» TASK DIRECTIONS
Give back every record below in full and exactly, but without a single image.

### DATA SHOWN

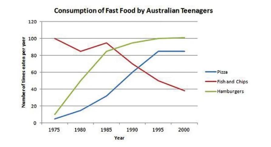 The Line Graph Below Shows Changes in The Amount and Type of Fast Food Consumed by Australian Teenagers from 1975 to 2000.
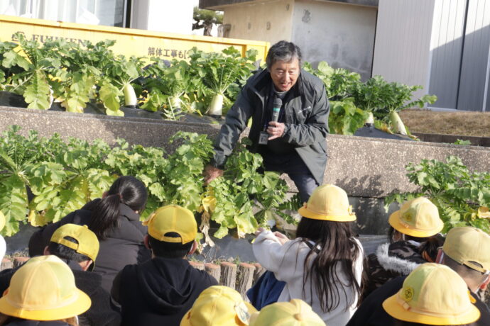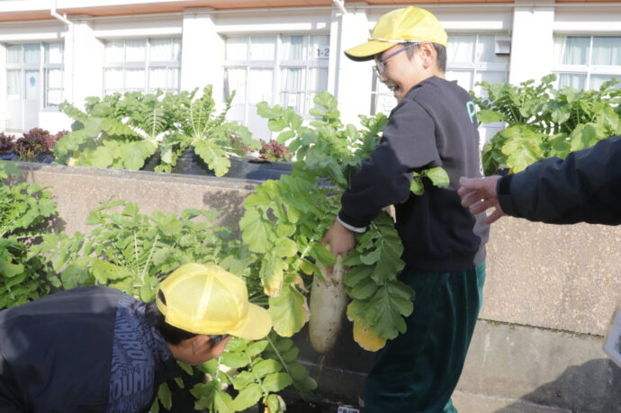 19日の収穫体験では、昨年10月初旬に児童自らが植え付け、大切に育ててきたダイコンを収穫。児童は磯部営農指導員から「折れないようにまっすぐ引き抜く」といったコツを教わり、大きく育ったダイコンを次々と収穫しました。
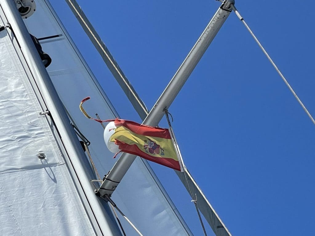 So lassen wir Lanzarote achteraus, das dort im Laufe des Tages im Dunst verschwindet. Wir verlassen nach langer Zeit nun auch wieder die spanischen Hoheitsgewässer und ich hole die mittlerweile sichtbar ausgewehte spanische Gastlandflagge von der Steuerbordsaling.
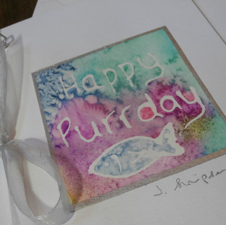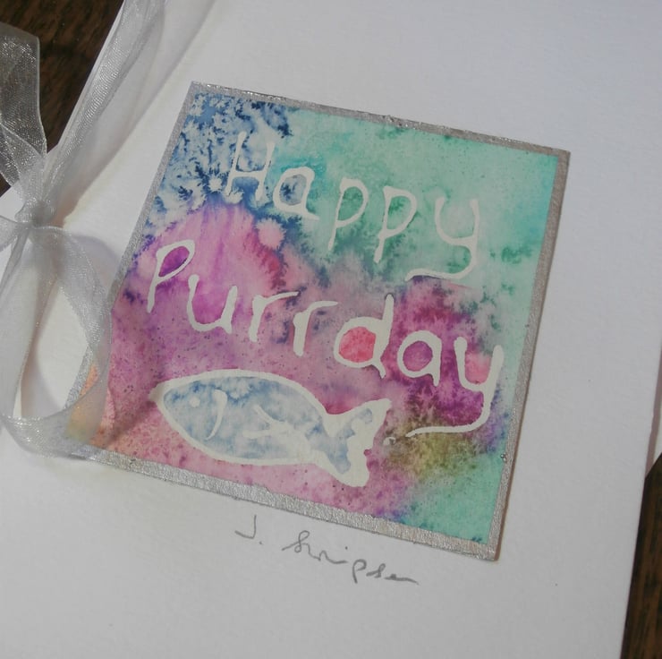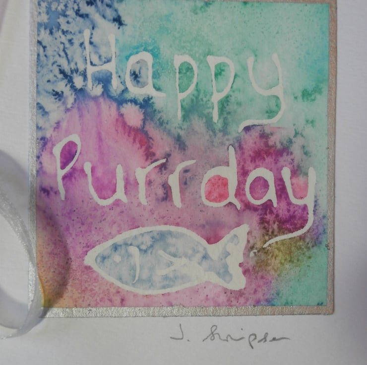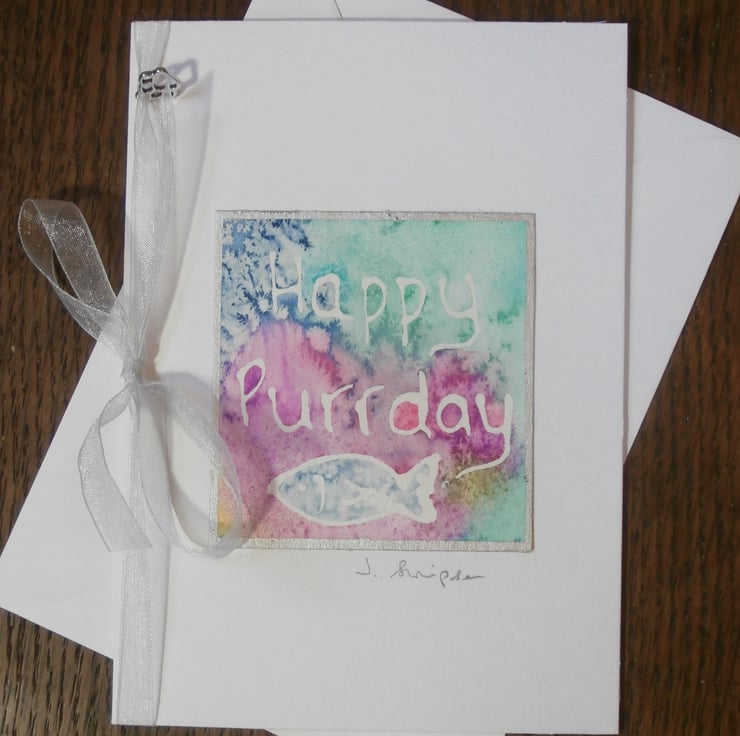 This is a beautiful hand painted watercolour card for your cats Birthday. A totally unique card for your furry friend with the words 'Happy Purrday' in the painting.
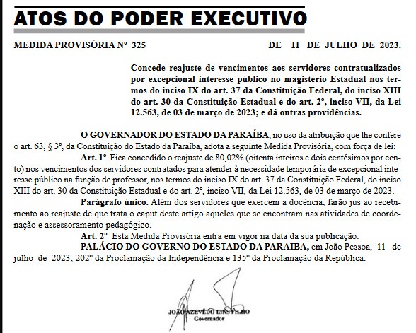 Além disso, o reajuste também é aplicável aos professores que desempenham funções de coordenação e assessoramento pedagógico. O texto da MP é assinado pelo governador João Azevêdo (PSB).
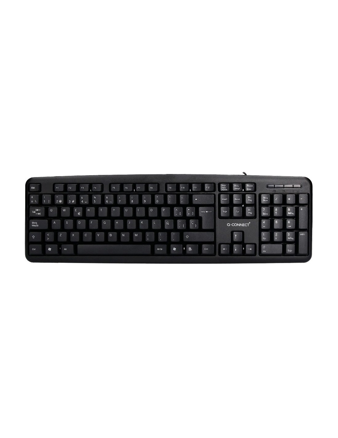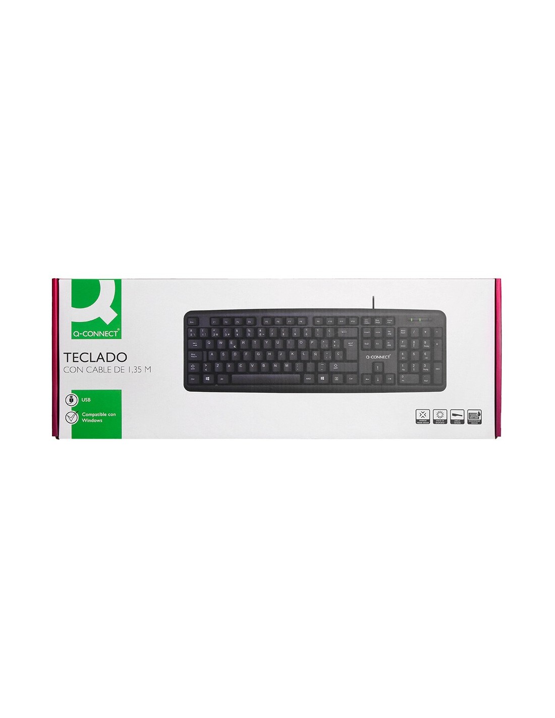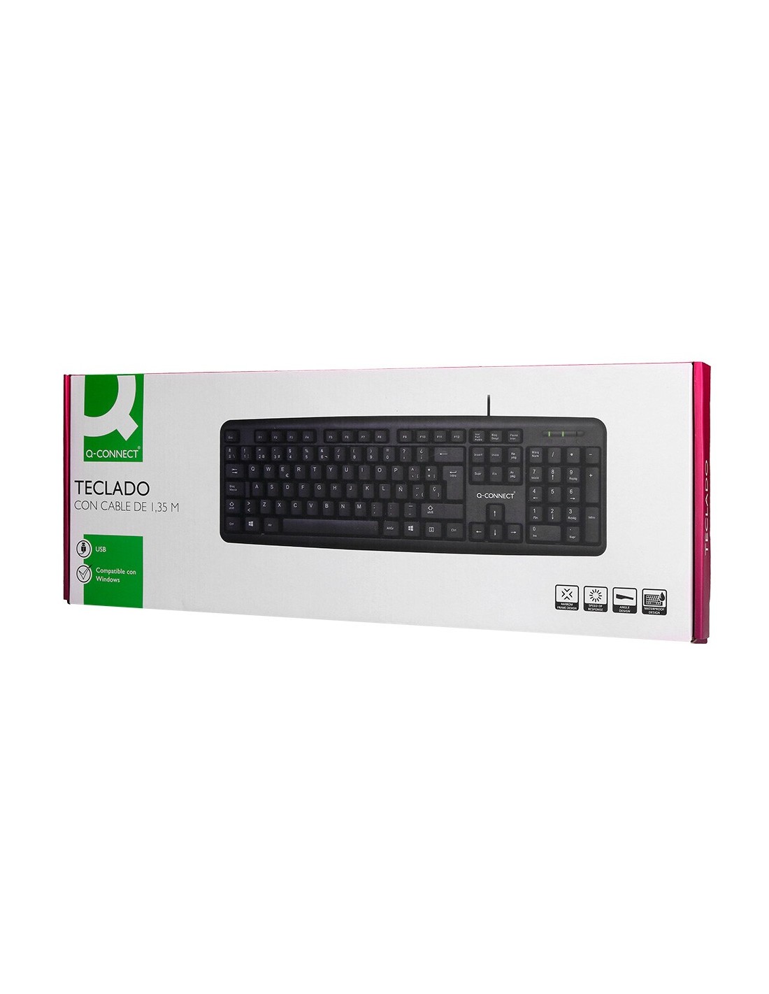 Teclado estándar con cable de 1,35 m y 105 teclas. Su conector USB permiteuna instalación sencilla en su ordenador y una rápida capacidad de respue sta. Compatible con WINDOWS98 / NT / 2000 / ME / XP / Vista / Windows 7 / Windows 8. Inclinanción ajustable con dos patas tarseras. Diseño sencillo,con bordes estrechos y resistente a salpicaduras. Garantiza un agarre cóm odo y natural. Elaborado con materiales de calidad que aportan una mayor durabilidad. Medidas: 20 x 135 x 448 mm.
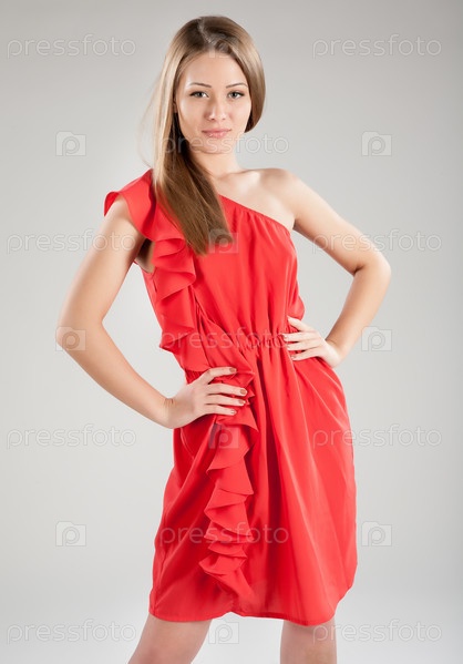 Привлекательная девушка в красном платье
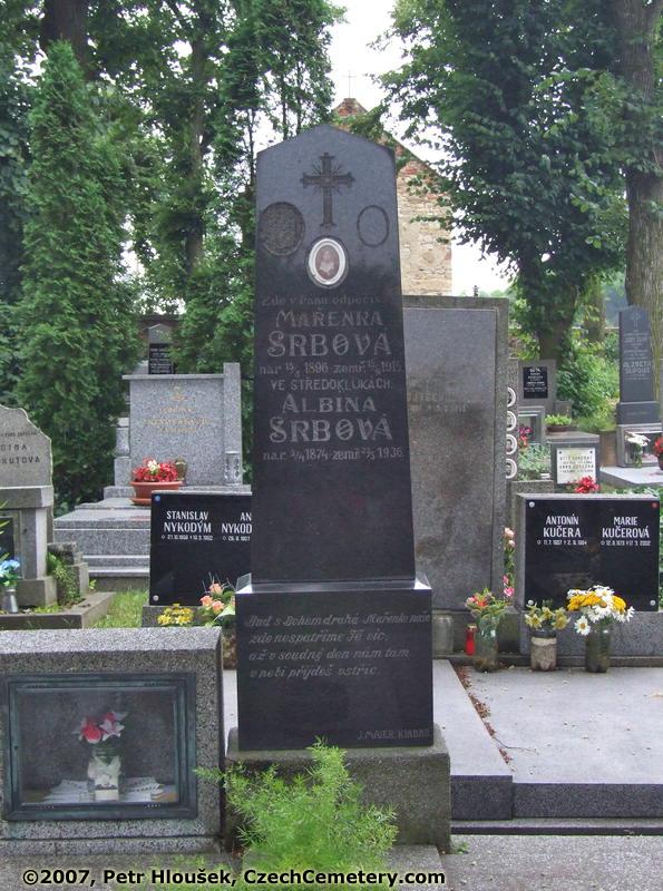 Vpředu: Mařenka Srbová, Středokluky, *15.8.1896 - †15.9.1915 Albína Srbová, *5.4.1874 - †22.5.1936 | Okolní náhrobky: Stanislav Nykodým, *21.10.1899 - †19.3.1960 Antonín Kučera, *11.7.1907 - †2.9.1984 |

######

» SOLUTION FOR THIS EXERCISE
 The Line Graph Below Shows Changes in The Amount and Type of Fast Food Consumed by Australian Teenagers from 1975 to 2000.
 19日の収穫体験では、昨年10月初旬に児童自らが植え付け、大切に育ててきたダイコンを収穫。児童は磯部営農指導員から「折れないようにまっすぐ引き抜く」といったコツを教わり、大きく育ったダイコンを次々と収穫しました。
 So lassen wir Lanzarote achteraus, das dort im Laufe des Tages im Dunst verschwindet. Wir verlassen nach langer Zeit nun auch wieder die spanischen Hoheitsgewässer und ich hole die mittlerweile sichtbar ausgewehte spanische Gastlandflagge von der Steuerbordsaling.
 This is a beautiful hand painted watercolour card for your cats Birthday. A totally unique card for your furry friend with the words 'Happy Purrday' in the painting.
 Além disso, o reajuste também é aplicável aos professores que desempenham funções de coordenação e assessoramento pedagógico. O texto da MP é assinado pelo governador João Azevêdo (PSB).
 Teclado estándar con cable de 1,35 m y 105 teclas. Su conector USB permiteuna instalación sencilla en su ordenador y una rápida capacidad de respue sta. Compatible con WINDOWS98 / NT / 2000 / ME / XP / Vista / Windows 7 / Windows 8. Inclinanción ajustable con dos patas tarseras. Diseño sencillo,con bordes estrechos y resistente a salpicaduras. Garantiza un agarre cóm odo y natural. Elaborado con materiales de calidad que aportan una mayor durabilidad. Medidas: 20 x 135 x 448 mm.
 Привлекательная девушка в красном платье
 Vpředu: Mařenka Srbová, Středokluky, *15.8.1896 - †15.9.1915 Albína Srbová, *5.4.1874 - †22.5.1936 | Okolní náhrobky: Stanislav Nykodým, *21.10.1899 - †19.3.1960 Antonín Kučera, *11.7.1907 - †2.9.1984 |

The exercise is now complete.